Fig. 8 is a block diagram of a vehicle control apparatus according to an exemplary embodiment, as shown in fig. 8, the apparatus 80 may include: an information acquisition module 81, a target assist characteristic determination module 82, a target assist torque determination module 83, and a control module 84, wherein:

the information acquisition module 81 is configured to acquire the vehicle speed of the vehicle and the hand torque received by the steering wheel.

The target assist characteristic determining module 82 is configured to obtain a target assist characteristic corresponding to the vehicle speed from a plurality of assist characteristic curves calibrated in advance, wherein a line segment corresponding to a first hand moment section in the assist characteristic curves is a straight line segment, a line segment corresponding to a second hand moment section in the assist characteristic curves is a curve segment with an upward opening, a maximum value of the first hand moment section is equal to or smaller than a minimum value of the second hand moment section, and the assist characteristic curves represent a mapping relationship between hand moment and assist moment.

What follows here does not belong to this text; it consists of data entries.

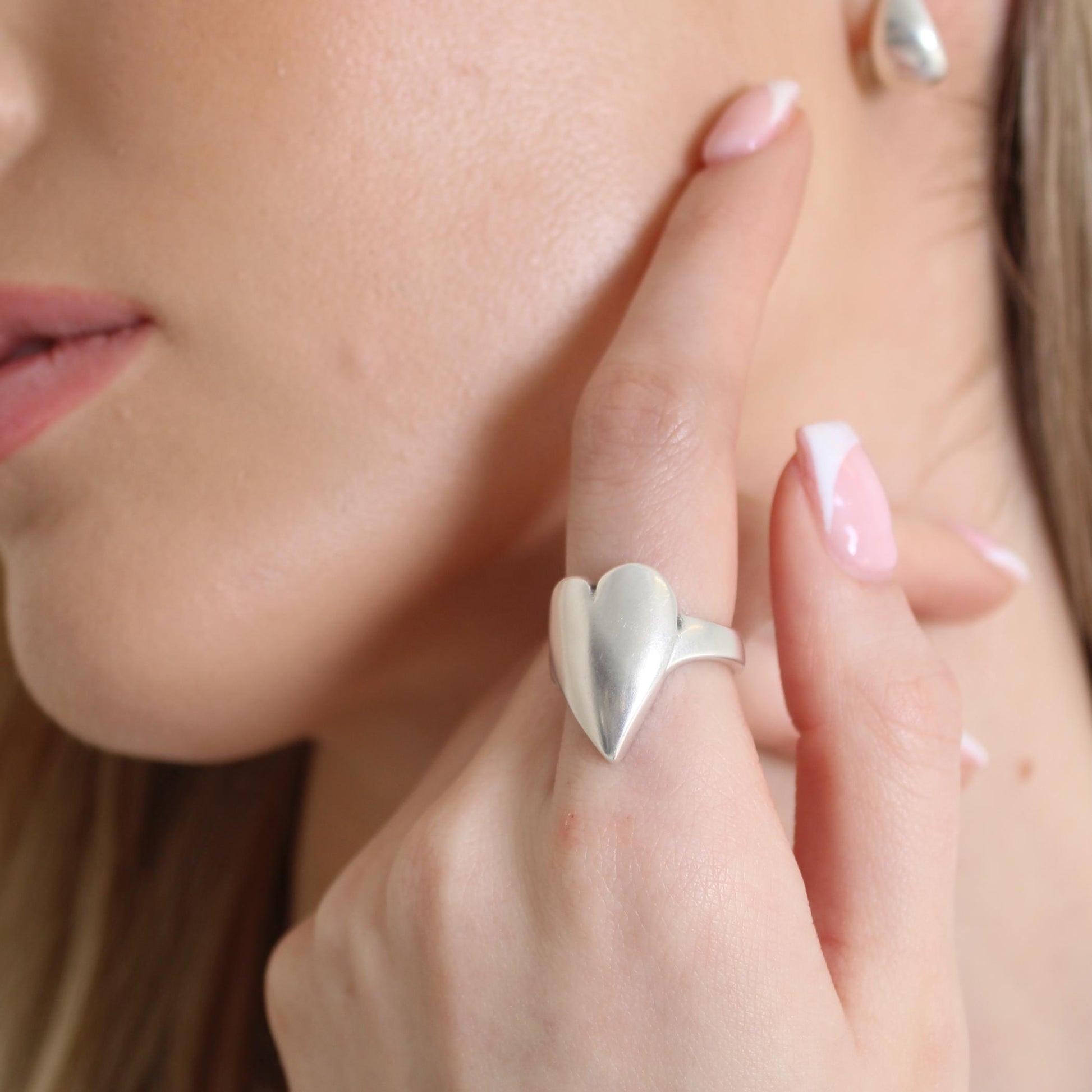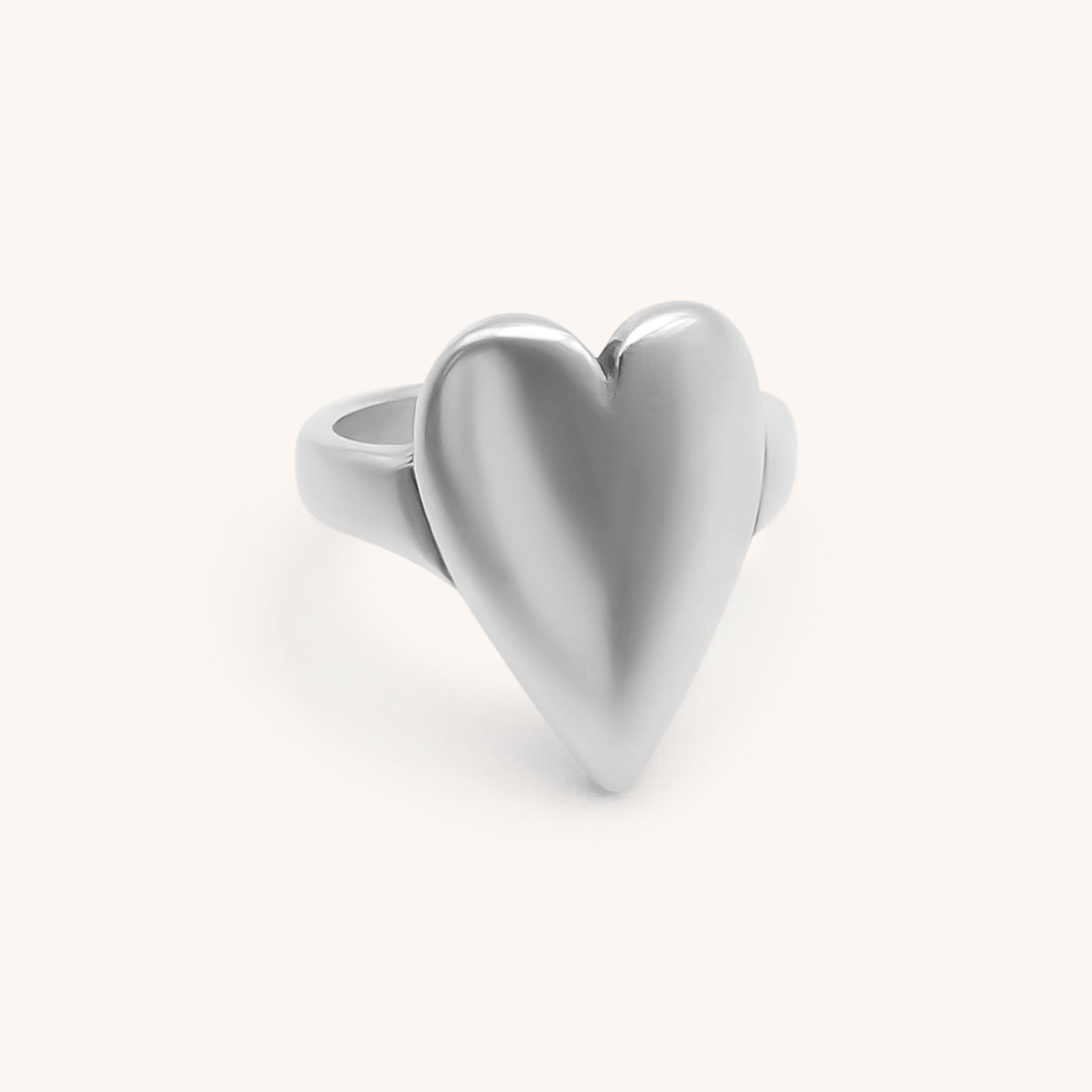 Make a statement with this heart ring, crafted with a solid, weighty feel for a luxurious finish. Featuring a smooth, sculpted heart design, this bold piece adds a touch of romance and elegance to any look.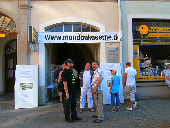 Einige Freunde des Vereins starteten unseren Auftakt zur Unterschriftenaktion für den Erhalt der Mandaukaserne.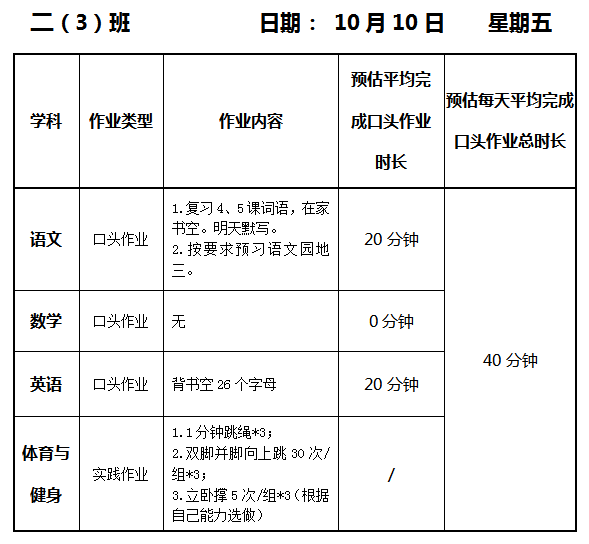 【作业公示】2025学年第一学期南翔小学作业公示(10月10日)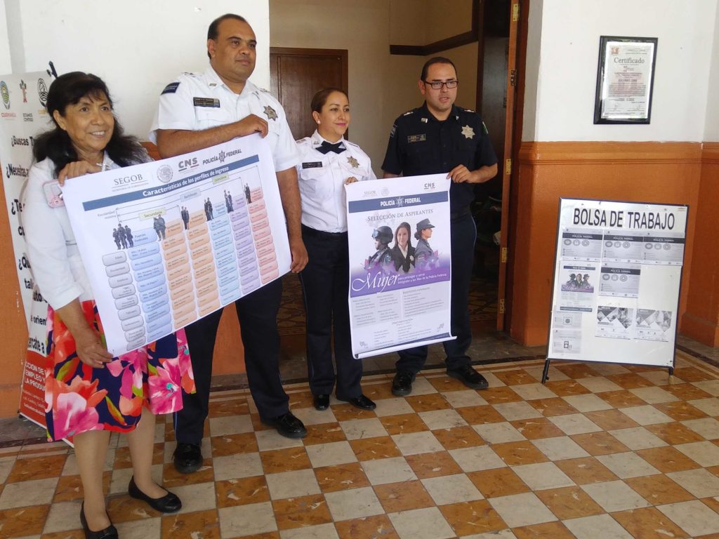 Cuernavaca, Morelos; 18 de julio de 2017. Elementos de la Policía Federal visitaron el Ayuntamiento de Cuernavaca para conminar a hombres y mujeres interesada en participar en la jornada de reclutamiento que se realizará el próximo viernes 28 de julio en la Coordinación Estatal de la Policía Federal.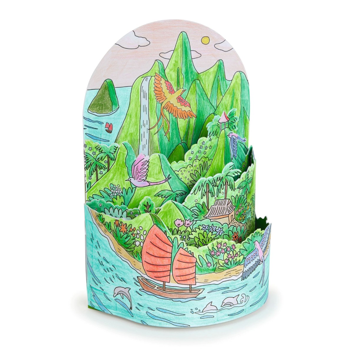 Først skal tegningerne farvelægges. Derefter kan de foldes og sættes sammen ved hjælp af smarte indhak og uden brug af lim eller tape.Med tre lag papir, der giver øen dybdeSjov lille gaveide.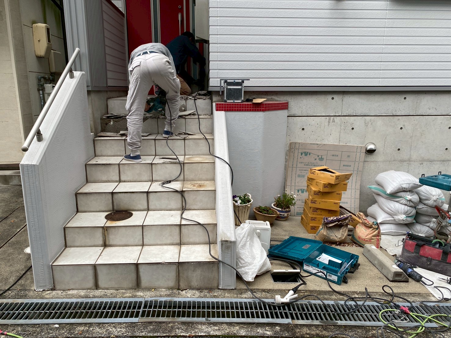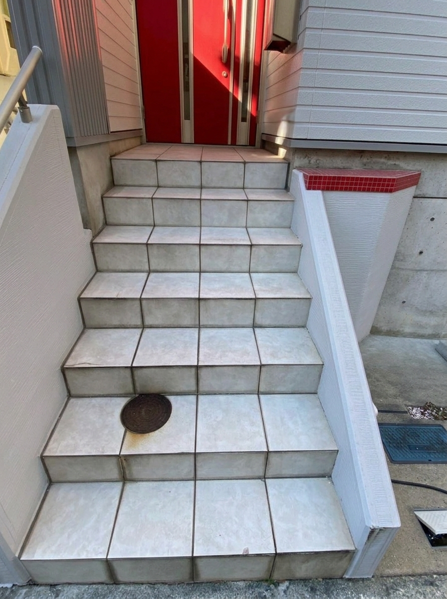 外構工事 玄関入口、階段タイル張替え工事

The target assist torque determination module 83 is configured to determine a target assist torque based on the hand torque and the target assist characteristic.

A control module 84 configured to adjust the steering wheel torque to the target torque.

In some embodiments, the apparatus 80 further comprises:

the measuring module is configured to acquire a plurality of hand moments measured by the vehicle under a plurality of steering angles for each of a plurality of preset vehicle speeds, wherein the hand moments are in one-to-one correspondence with the steering angles;

a first hand torque section determination module configured to determine the first hand torque section from hand torques corresponding to steering angles smaller than a specified steering angle among the plurality of hand torques;

and the second hand torque section module is configured to determine the second hand torque section according to the hand torque corresponding to the steering angle which is larger than or equal to the designated steering angle in the hand torque.

In some embodiments, the apparatus 80 further comprises:

the moment acquisition module is configured to acquire a maximum assisting moment and a maximum hand moment of the vehicle at each of a plurality of preset vehicle speeds.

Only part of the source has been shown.